Produce an exact transcription of the listing below, omitting the pictures.

━━━ Information provided

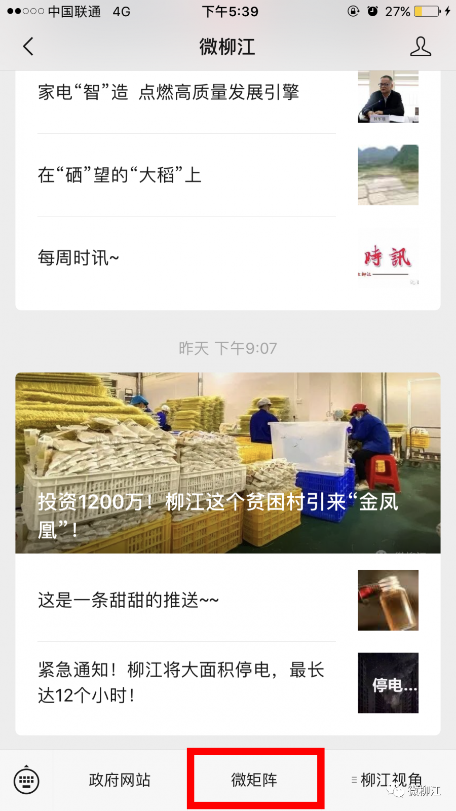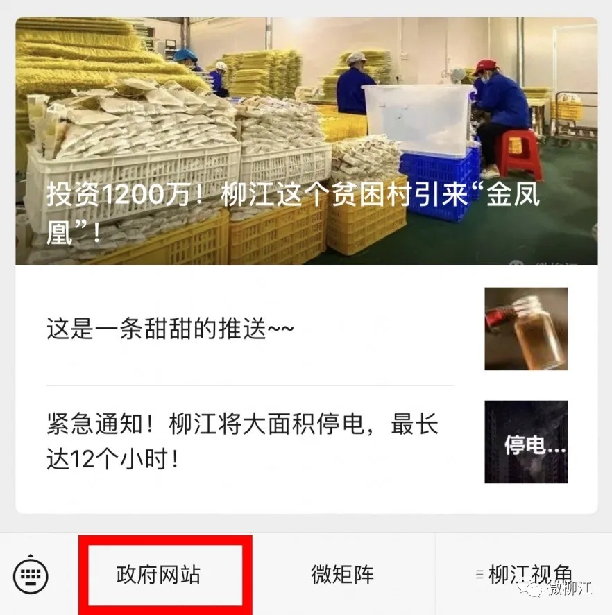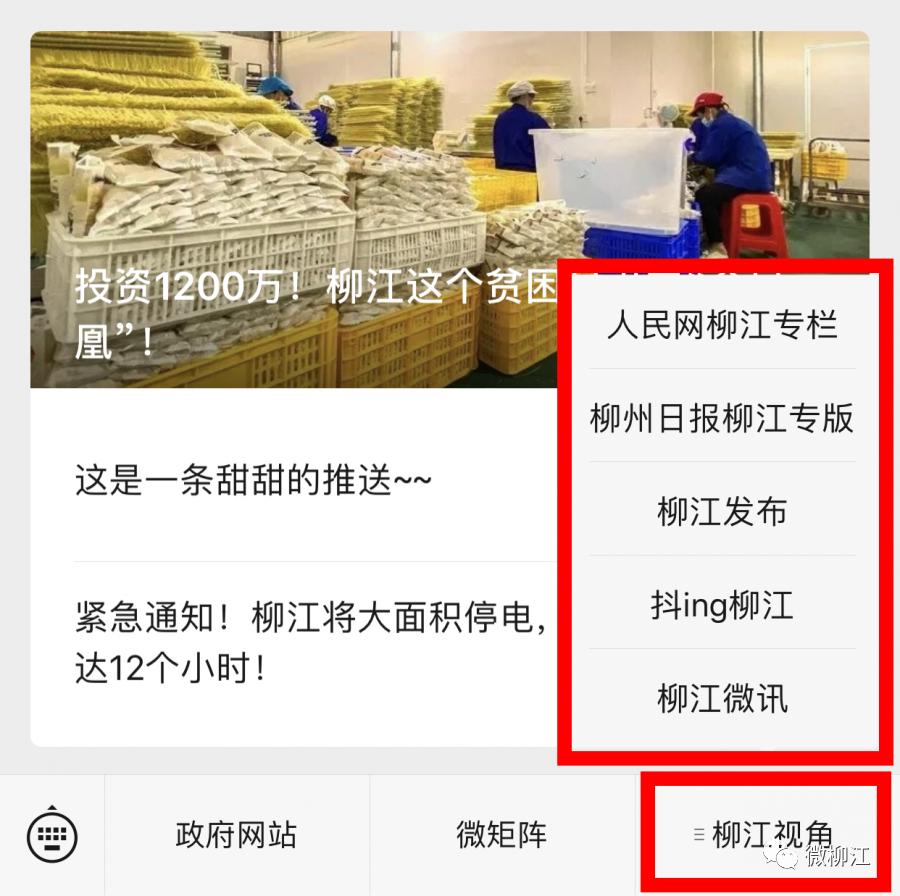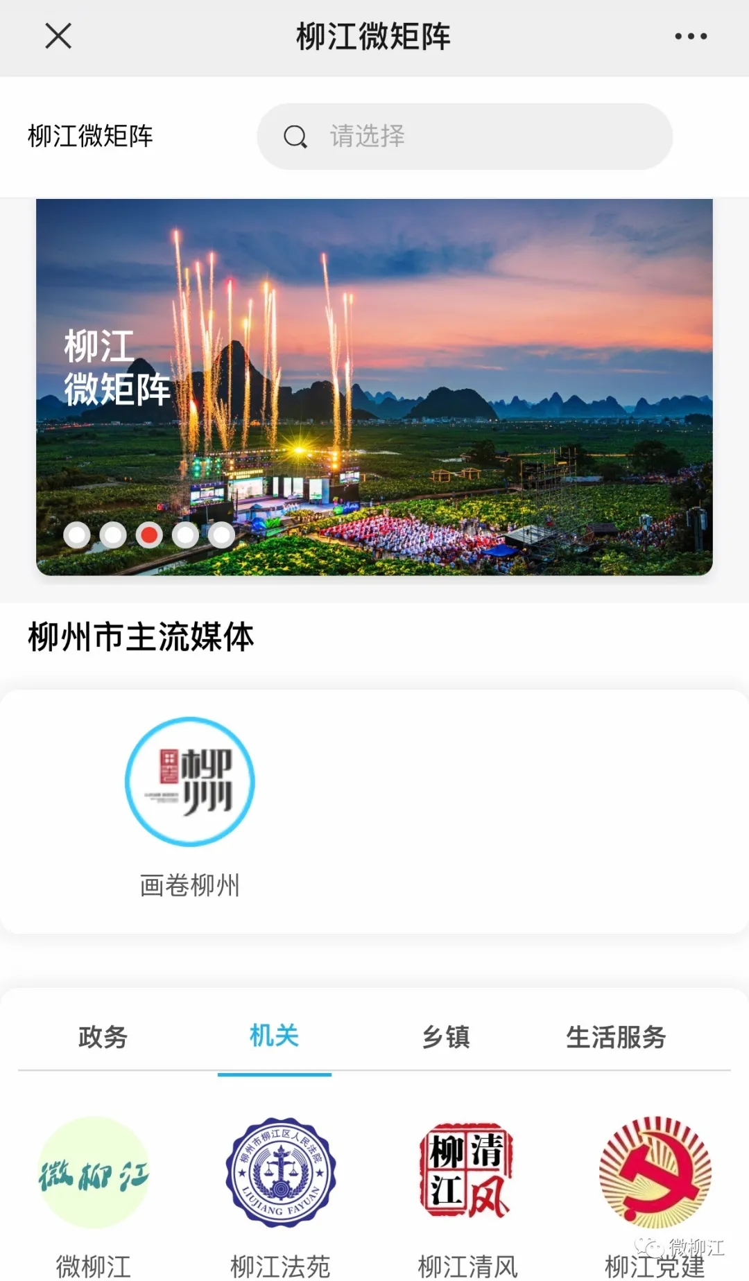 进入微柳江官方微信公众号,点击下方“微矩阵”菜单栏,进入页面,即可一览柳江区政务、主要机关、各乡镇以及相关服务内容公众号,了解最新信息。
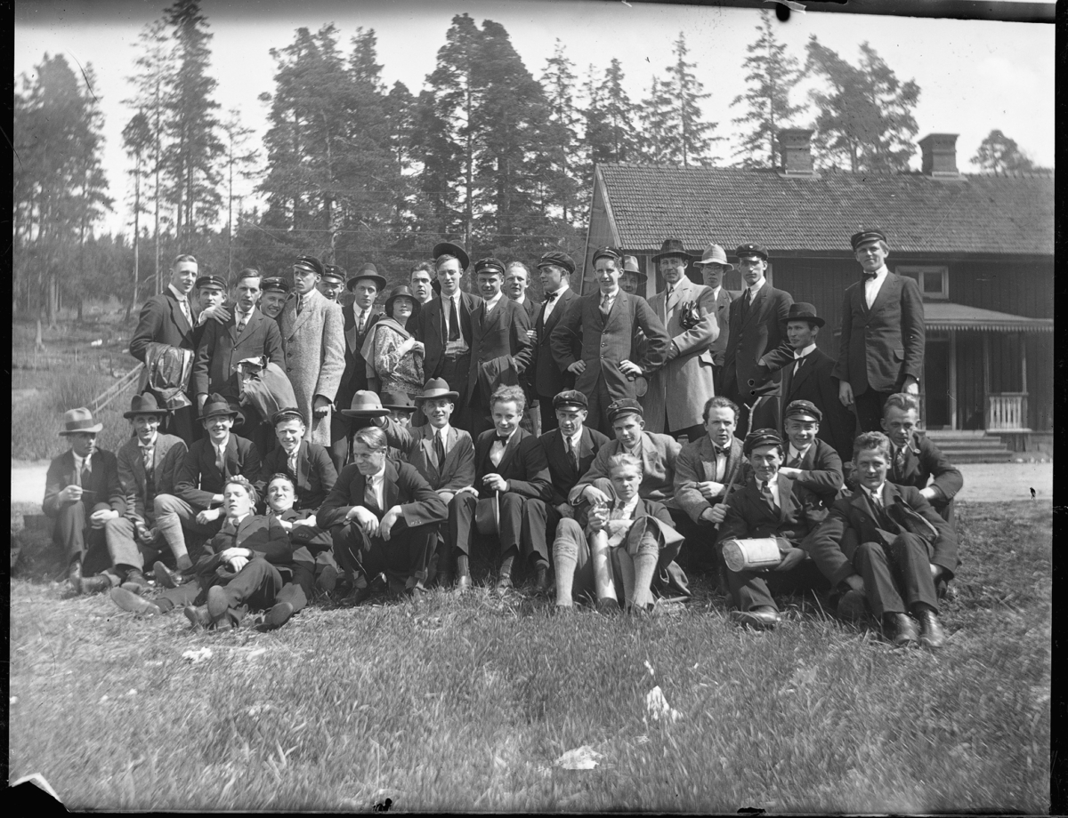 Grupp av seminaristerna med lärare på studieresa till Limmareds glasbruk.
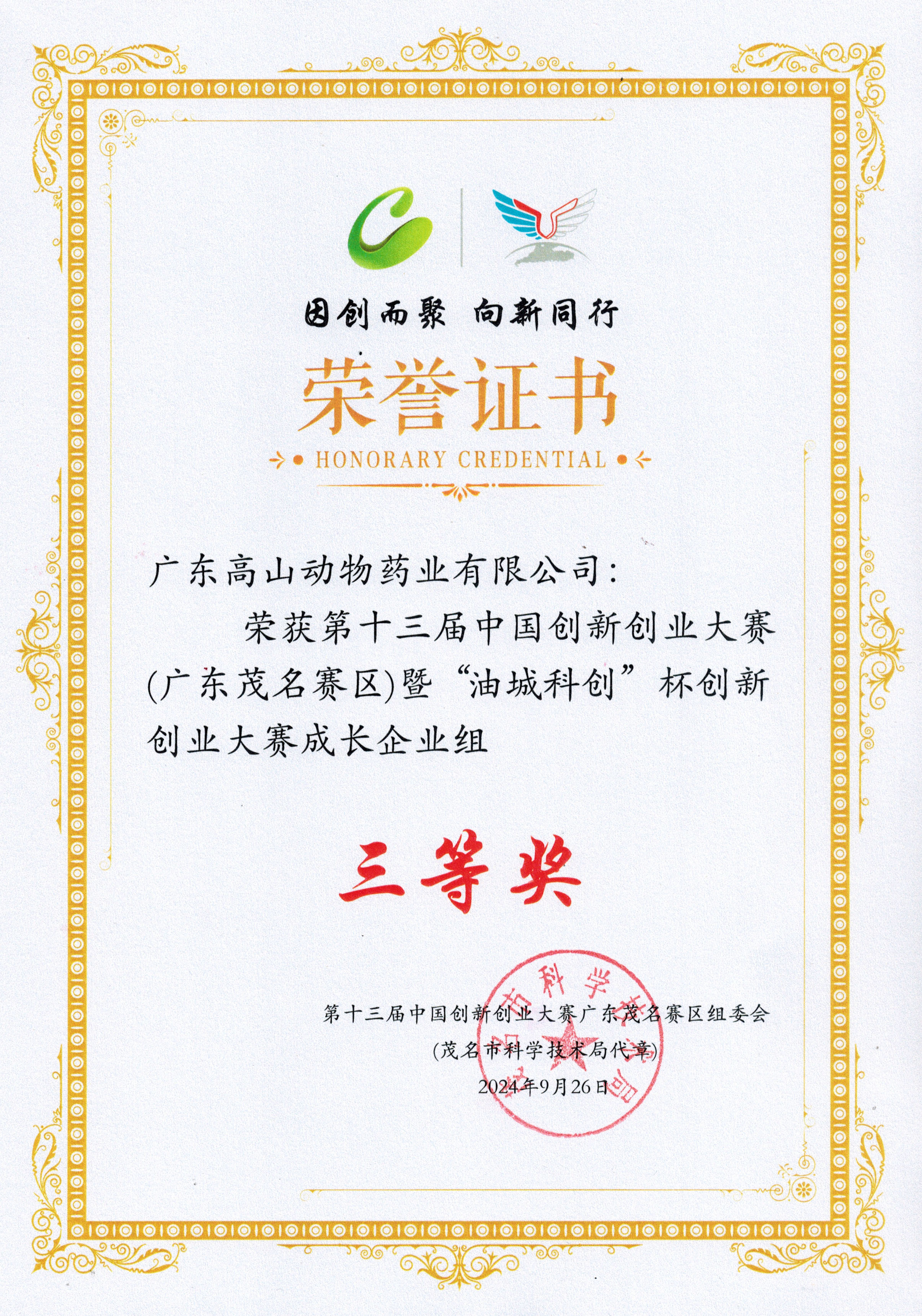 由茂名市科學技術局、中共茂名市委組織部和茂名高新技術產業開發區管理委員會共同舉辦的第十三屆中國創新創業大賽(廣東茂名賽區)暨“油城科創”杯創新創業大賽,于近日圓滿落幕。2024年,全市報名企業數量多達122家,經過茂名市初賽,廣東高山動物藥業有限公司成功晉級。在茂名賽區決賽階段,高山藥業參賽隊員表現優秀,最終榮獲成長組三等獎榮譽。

━━━━━━

**Response to this task**
 进入微柳江官方微信公众号,点击下方“微矩阵”菜单栏,进入页面,即可一览柳江区政务、主要机关、各乡镇以及相关服务内容公众号,了解最新信息。
 Grupp av seminaristerna med lärare på studieresa till Limmareds glasbruk.
 由茂名市科學技術局、中共茂名市委組織部和茂名高新技術產業開發區管理委員會共同舉辦的第十三屆中國創新創業大賽(廣東茂名賽區)暨“油城科創”杯創新創業大賽,于近日圓滿落幕。2024年,全市報名企業數量多達122家,經過茂名市初賽,廣東高山動物藥業有限公司成功晉級。在茂名賽區決賽階段,高山藥業參賽隊員表現優秀,最終榮獲成長組三等獎榮譽。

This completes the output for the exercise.